Venture Capitalist (VC) Firms: Venture capitalists are professional investors who invest a considerable amount of money in exchange for equity in the business, and get returns when the business goes through an IPO or an acquisition. 

VCs look for companies and startups with high growth potential which will provide good returns on their investment. Most of the time, they also provide consultancy and advisory mentorship to nurture these startups. 

After getting into a good revenue process, you may appeal to the venture capitalists for equity-based funding. VCs generally come at a later stage when your startup is established and generating revenue. 

Sequoia Capital, Accel, IDG Capital and Khosla Ventures are top class VC in USA. 

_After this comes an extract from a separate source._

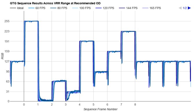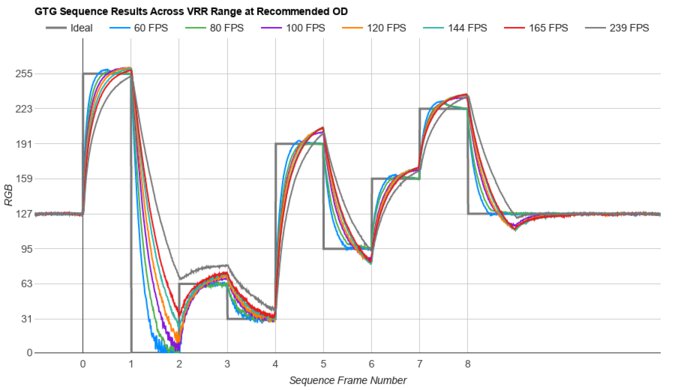 Он даже лучше справляется с движением, чем LG, поскольку время отклика остаётся стабильно быстрым в диапазоне частоты обновления. В сочетании с высокой частотой обновления это делает его отличным выбором даже для профессиональных геймеров. Однако он ограничен в дополнительных функциях, но всё же имеет типичные игровые преимущества, такие как виртуальное перекрестие и стабилизатор тёмного режима, которые помогают лучше видеть противников в тёмных сценах.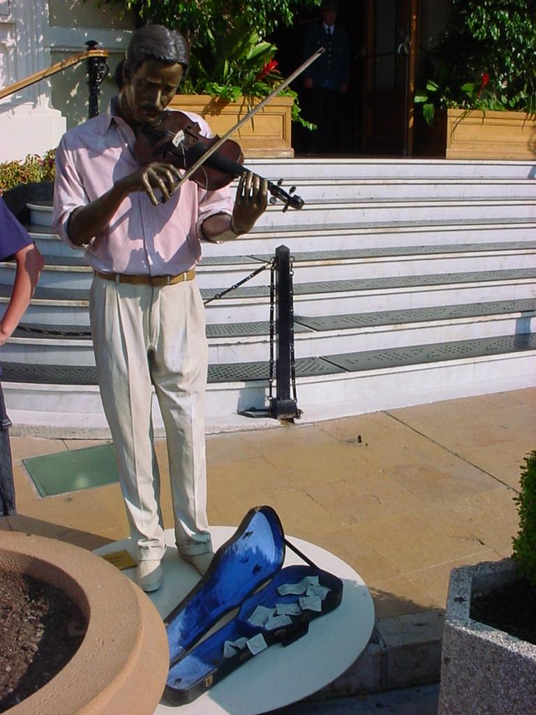 This busking chap is doing especially well, considering his fiddle strings are all broken, he hasn’t scraped out a single note, and his significant musical disadvantage of being cast in bronze. Yet look at his takings for the day!

Sequoia Capital India, Nexus Ventures Partners, Helion Ventures Partners and Kalaari Capital are the most popular VC in India. 

Government programs

Government of a country takes various initiatives to boost up a startup business. Development in the business sector will help to maintain a healthy ecosystem of a country’s economy. That’s why the government is trying to help a new business venture in different ways. Subsidies and grants are some of the available government programs to manage funding. 

In the US, there is a small business lending fund which is called SBA and a dedicated portal for Government grants available for local businesses.

10,000 Crore Startup Fund, MUDRA, KSSEDM besides these there are various government grants and programs in different states of India to encourage small businesses and startups. 

If you fulfill the requirements of those govt. Programs then you can qualify for the funds. So, government grants can be a great funding option for you. 

Organic Funding

Organic funding is not outside funding. It comes from the company’s revenues. Basically, organic funding is used in new product development or in marketing cost. Sometimes startup founders perform consulting services or sell other products to generate funds for product development. You may also manage funds by this way.

Which funding is the best option for you?

Every startup company has its own goals and strategies. Before choosing the funding options take a closer look at each type of startup funding option and determine which will be perfect for your business. From the above discussion you can see there are many sources of startup capital to grow your business. Choose the best options based on your business pattern. 

Be confident, take a paper-pen, write down a proper funding plan and work according to it to get funding from various sources. I tried to give complete startup funding guidelines in this article which will help you a lot hopefully.